My poetry and the new novel (and the stories, from a small collection called Heartwood) is perhaps more obviously personal. I’m always, always writing out of my childhood. Even when I’m writing about my teaching and my own mothering, my childhood has a way of infecting everything. It was a wonderful, complex, painful, joyful childhood. I’m happy to be infected by it.

Why do I write what I do?

I have been writing stories since I was seven years old. If you locked me in a box, I would bloody my fingernails tracing out words in the dark.

Much to my daughters’ disappointment, I am never happier than when I’m reading a book. I would spend my last dollar on a book (ask my husband). Why do I write at all — that seems to be the real question here.

How does my writing process work?

I love this question! I could write an essay about it. But I’m out of time and so I’m going to tell you in a few sentences.
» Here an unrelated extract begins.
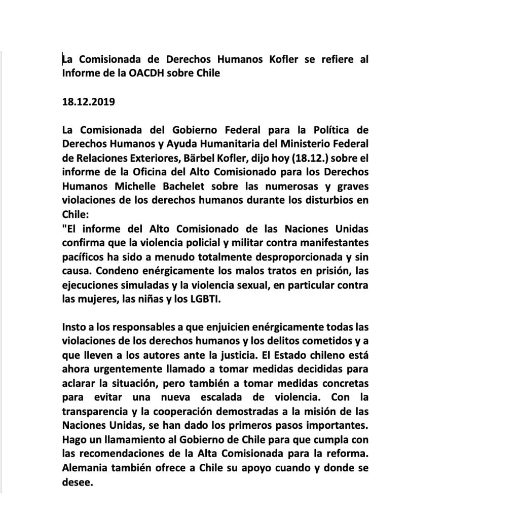 La petición la hizo a través de un comunicado de prensa la comisionada para los derechos humanos y asistencia humanitaria del Ministerio de Relaciones Exteriores germano, Bärbel Kofler, en el que comenta los resultados del informe elaborado por la Oficina de Alto Comisionado para los Derechos Humanos (Acnudh) sobre la crisis social chilena y sus conclusiones.

  • I usually read something to warm up. Right now I’m rereading Madeleine L’Engle’s Walking on Water. I often read other poets.
  • I write in a journal, a big fat one, before I dive into more creative work. In my journal, I set down the goals for the day. Sometimes I work out the particular problems — or challenges — I want to tackle in my creative work. But even when I’m pulled in a million directions, even if I do no other writing, I write in my journal.
  • I write early in the morning, before anything else can interfere. When my daughters were tiny, and I was teaching at the University of Washington, I colonized the early morning hours for my writing.
  • If I don’t have time to write, if I think I don’t have time to write, I write for 15 minutes anyway. No one will miss 15 minutes. The worst boss in the world has to give you a break once in a while. You can write if you really, really, really, really, really want to.

So, that’s it for this post! I have a feeling I will return to these topics and tell you more (particularly about my process and how it evolved).
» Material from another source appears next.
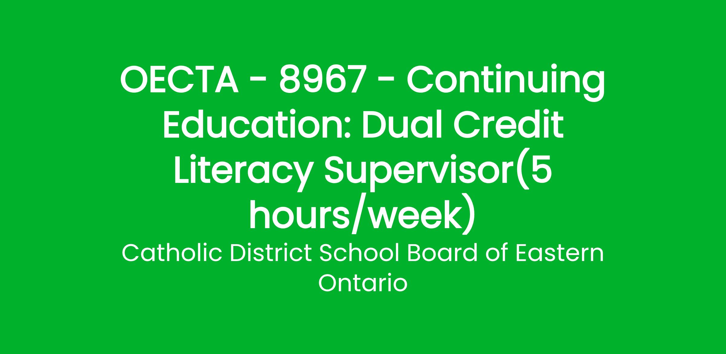 The successful candidate will support students enrolled in Dual Credit programs, monitoring student progress, offering interventions, providing individualized literacy support, and helping students meet the academic expectations of their college-level coursework. The candidate will also ensure strong communication between the CDSBEO and Algonquin College.

I’ve tagged three other bloggers. Carla Shafer is my old and dear friend and the director of Chuckanut Sandstone, a readers series in Bellingham, Washington. She has several poetry chapbooks, and recently had a poem, “Elixir of the Solar Spectrum,” turned into choral song (a performance I was lucky enough to attend).

Joannie Stangeland is the author of several books of poetry, most recently Into the Rumored Spring and In Both Hands. 

I also tagged a PNWA friend, Cherie Langlois, who I hope will take time out from her farming, gardening, and writing to join us. (Great blog with great pictures.)